Misinformation is spreading at a breakneck pace online, making it difficult to verify videos and photos from the Israel-Gaza conflict, CBS News CEO Wendy McMahon said on Thursday.

Misinformation is spreading at a breakneck pace online, making it difficult to verify videos and photos from the Israel-Gaza conflict, CBS News CEO Wendy McMahon said on Thursday.

Photos and videos emerging from the ongoing conflict between Israel and Hamas have become increasingly hard to verify due to widespread misinformation campaigns and so-called “deep fakes” spreading online, the head of CBS News said on Thursday.

Speaking at the Axios BFD conference, CBS News CEO Wendy McMahon said around 10 percent of the thousands of videos, photos and other materials reviewed by journalists at her organization can reliably be used on-air and online, a problem other news organizations are almost certainly grappling with as well.

“There are many reasons why [they are not reliable], but some of those reasons are directly tied to misinformation,” McMahon told an Axios business reporter at the conference.

McMahon said her newsroom is scrutinizing videos carefully, to include using artificial intelligence to help sift through some of the finer points of the material. Still, widespread misinformation campaigns on X (formerly Twitter), Facebook and other places has made the job even more difficult.

“I’m a highly competitive person, but it is my sincere hope that every newsroom is having the same conversations and putting those same protections in place,” McMahon said.

A building in Gaza City suffers damage from an Israeli bombardment campaign in response to a Hamas-led terrorist attack in October 2023. (Photo by Palestinian News & Information Agency via Wikimedia Commons)
A building in Gaza City suffers damage from an Israeli bombardment campaign in response to a Hamas-led terrorist attack in October 2023. (Photo by Palestinian News & Information Agency via Wikimedia Commons)
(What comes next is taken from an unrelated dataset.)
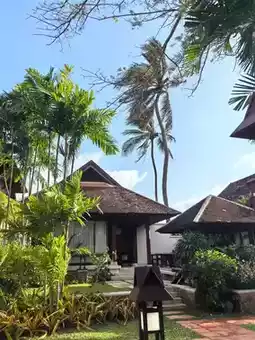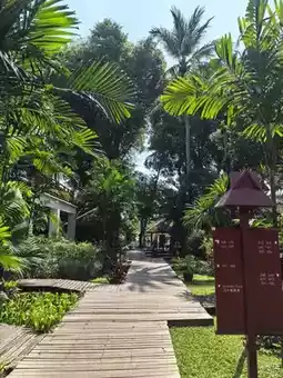 But once you get here, you'll find that the scenery is unique It's a typical Southeast Asian holiday style, the whole hotel is shaded by green trees, all are two-story Thai-style buildings, very close to the sea The hotel's breakfast is also good, with the sea breeze, it's really beautiful

Militants from Hamas crossed over the Gaza border into Israel on Saturday, carrying out an hours-long campaign of terror that left hundreds of Israeli civilians dead and over 1,000 more injured.

The attacks triggered a swift response from Israel, which has retaliated by carrying out targeted bombings and severing lines to critical resources like electricity, water and fuel.

Both sides are also using misinformation to bolster their positions. Within days of the attack, Israeli media reported unsubstantiated claims that dozens of infants were beheaded by militants — something President Biden repeated in a speech on Wednesday, only for White House officials to walk back his comments.

Pressed by reporters for confirmation, Israeli defense officials affirmed infants were among the dead in the terrorist attacks committed over the weekend, but said reports of infants being beheaded were “unconfirmed.”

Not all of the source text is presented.